それを良しとしない思考が協会関係者にあったとしたら、1度協会の存在する目的自体を見直す必要があるでしょう。

なお、一般の企業では、組織内のコミュニケーションが取れずに問題がカイゼンされなければ、第3者に相談する流れができはじめています。

だから、内部告白者を守るようなことも必要になるのです。

この度の流れもそれに近いのかもしれません。

いずれにしても、伊調馨選手に対する諸々の圧力や報復措置と捉えられること等はこれまでもそして今後も絶対にあってはなりません。

本来ならば、協会が全力で伊調馨選手を守るべきなのです。

本末転倒になっているかもしれない現状を重く受け止め、当事者すべてがカイゼンを図るべきだと思います。

私たちは学ばなければなりません

どんなにいい組織にみえても問題点は必ずあります。

むしろ、いい組織ほど問題点が先に出てきます。

自主的に見つけて自主的にカイゼンする人が多いからです。

それが後になって出てこないように先手を常に打つべきなのです。

私は、品質偽造問題も、森友問題も、泰明小のアルマーニの問題も、すべて本質は同じだと思っています。



それは「真の意味でのコミュニケーションが取れていない組織だから起きている」のです。

特に、コミュニケーションのためには「BAD NEWS FIRST!」が大切です。

それが許されない組織では、問題点は常に先送りにされます。

それが一気に吹き出した状態が今なのです。

明るい将来を実現するために、目的を明確にして、無意識に沸き上がる思考の癖を1度捨てましょう。

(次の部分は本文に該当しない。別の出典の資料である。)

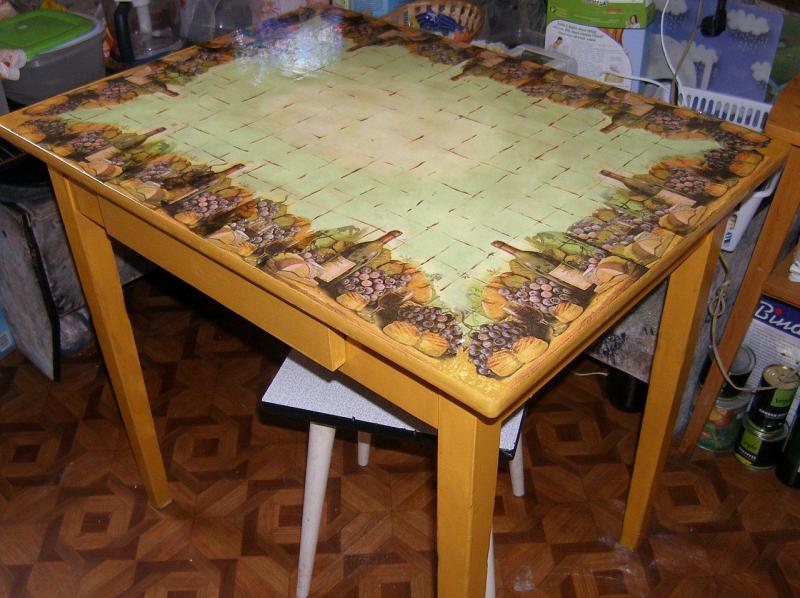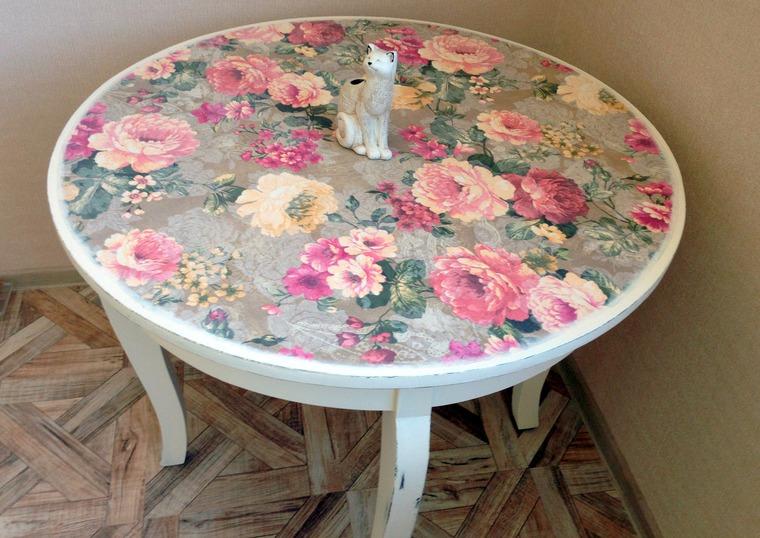 Очень красиво смотрится декорирование столешницы тканью, которую потом вскрывают лаком для практичности. Для тканевого декупажа хорошо подходят хлопчатобумажные ткани яркого цвета, имеющие плотное плетение. При помощи него можно создавать отдельные изображения или покрывать столешницу ярким сплошным изображением. Такой столик может стоять на лоджии, в беседке или террасе. Даже спустя годы он будет таким же ярким, как в самом начале.

組織に属する以上は、自分の感情よりも、組織目標の方が優先順位が高くあるべきなのです。

無論、その組織目標が人として正しいものであることは大前提です。

そして、お互いに貢献しようとする意欲にあふれ、相互のコミュニケーションを図りながら実現していくのです。

日本レスリング協会がこの状況をカイゼンし、より良い組織になることを願っております。

大丈夫でいきましょう!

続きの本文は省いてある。